Time-domain PINNs are notorious for cheating on time. Given a PDE $u_t + \mathcal{N}[u] = 0$ on $(x, t) \in \Omega \times [0, T]$ with IC $u(x, 0) = u_0(x)$ , the optimiser can find a smooth function that satisfies the PDE near $t = T$ while violating the IC at $t = 0$ . The total residual averaged over the $(x, t)$ domain is small, but the solution is wrong — the network has solved an easier problem (steady state at $t = T$ ) instead of the actual evolution problem.

This is the causality violation — pathology #4 from §3.1. Wang, Sankaran & Perdikaris (2024) named it and gave a clean fix.

The causality-aware weight

For a residual $\mathcal{L}_r(\theta; t) = \frac{1}{N_x} \sum_i r(x_i, t; \theta)^2$ at fixed time $t$ , define

w(t) = \exp\left( -\varepsilon \int_0^t \overline{\mathcal{L}_r}(s) \, ds \right) ,

where $\varepsilon$ is a hyperparameter and $\overline{\mathcal{L}_r}(s)$ is the residual at time $s$ averaged over space. The intuition: $w(t)$ is small when the integrated earlier-time residual $\int_0^t \overline{\mathcal{L}_r}$ is large, and rises to one as the earlier-time residual falls.
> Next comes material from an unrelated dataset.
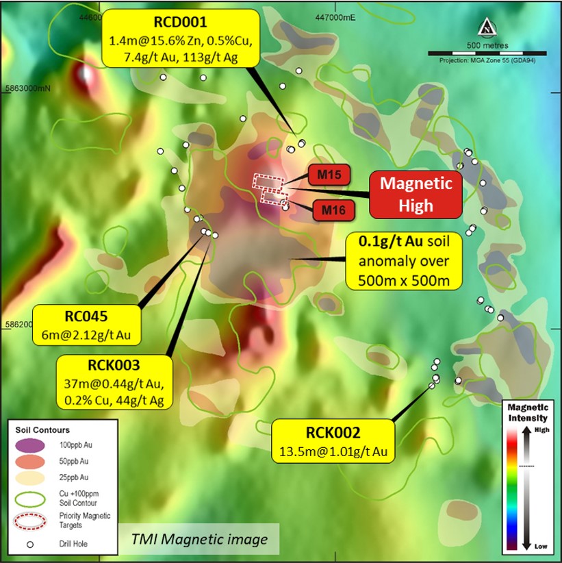 The Rhyolite Creek prospect is about five kilometres south of Hill 800 and comprises three distinct targets which require follow-up drilling: two potential large-tonnage, low-grade gold-copper targets and one seafloor-position VHMS gold and base-metal target. At surface, the prospect is defined by an extensive gold and copper soil anomaly in rhyolitic rocks and as with Hill 800, sits directly above a significant regionally anomalous magnetic high. This suggests, as with Hill 800, a potential magmatic input or control on the shallower, near-surface mineralisation.

Late-time collocation points are downweighted until earlier residuals are small.

The weight is recomputed each training step. Initially $w(t) \approx 1$ for small $t$ and $w(t) \to 0$ for large $t$ ; the optimiser sees only the IC region. As the IC region fits, $w(t)$ at later times rises and the optimiser advances forward in time. The network learns the evolution one time-slab at a time — the natural causality of the underlying physics.
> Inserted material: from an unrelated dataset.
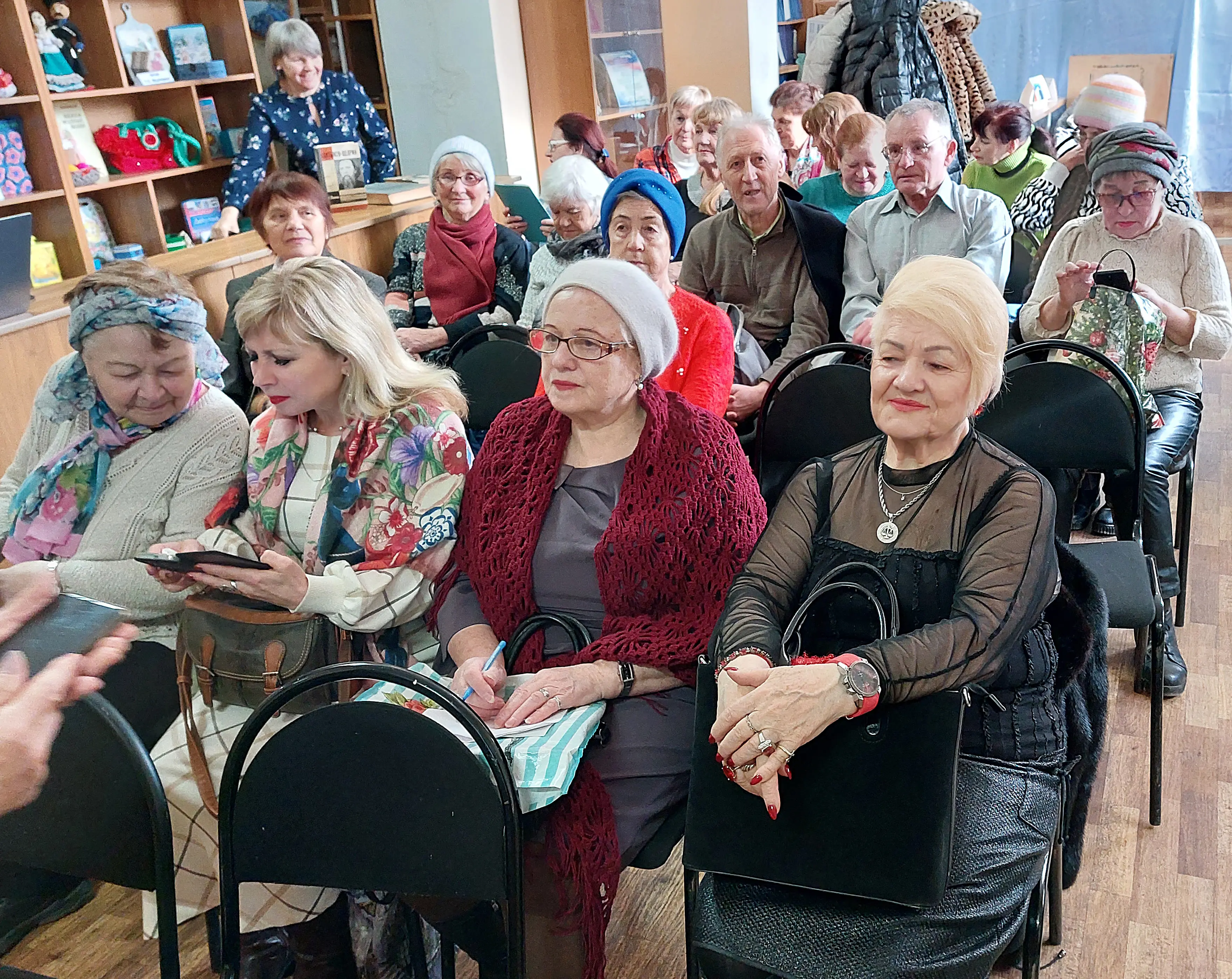 Елена Владимировна Самохина показала слушателям, большинство из которых постоянно ходят на её лекции, книгу Михаила Евграфовича, выпущенную в 1950-м году и подписанную Н. Щедрин.

Try it: causality on 1D advection

The widget races uniform-weighted training (§3.1 causality-violation pathology) against causality-weighted training on $u_t + u_x = 0$ , $u(x, 0) = \sin(\pi x)$ , on $x \in [-1, 1]$ , $t \in [0, 1]$ . The exact solution is $u(x, t) = \sin(\pi (x - t))$ .

What you should observe

Uniform weights: late-time residual sits at or above the early-time residual — the causality-violation signature. The network is solving the problem out of time-order.
Causal weights: both early and late residuals drop by an order of magnitude or more, and crucially the early bin drops first. The schedule (right panel) shows $w(t = 0)$ stays at 1 while $w(t = 1)$ starts near zero and rises only as the early-time fit cleans up.
The relative-L² improvement on this 1D advection toy is modest because the architecture is small; the per-window residual story is what scales to 2D wave equations, where causality weighting goes from "nice" to "essential". This is the classical result Wang, Sankaran & Perdikaris (2024) demonstrated on Allen-Cahn and the wave equation.
The causality-weight panel shows the schedule: $w(t = 0)$ stays at 1.0; $w(t = 1)$ starts low and rises only as training progresses.

For the wave equation

The advection problem above is the smallest non-trivial test case. On the 2D acoustic wave equation $u_{tt} = c^2 \nabla^2 u$ — the Part 4 setting — causality violation is severe. Without causality weighting the wavefront often forms simultaneously across the entire domain, producing checkerboard artefacts; with causality weighting the wavefront propagates outward from the source as it should physically. Wang, Sankaran & Perdikaris (2024) demonstrate this on the Allen-Cahn equation; subsequent papers (Diab et al. 2024) apply the same idea to acoustic FWI.

Choosing ε

The hyperparameter $\varepsilon$ controls how aggressively later times are downweighted. Wang et al. (2024) recommend choosing $\varepsilon$ such that $w(T)$ at the end of the time domain is roughly $10^{-2}$ at the start of training. In our advection demo $\varepsilon = 100$ achieves this. Too small and the weighting has no effect; too large and the optimiser cannot escape the $t = 0$ region. The widget exposes the schedule so you can see this directly.

References

Wang, S., Sankaran, S., Perdikaris, P. (2024). Respecting causality is all you need for training physics-informed neural networks. Comput. Methods Appl. Mech. Engrg.
Mattey, R., Ghosh, S. (2022). A novel sequential method to train physics-informed neural networks. CMAME.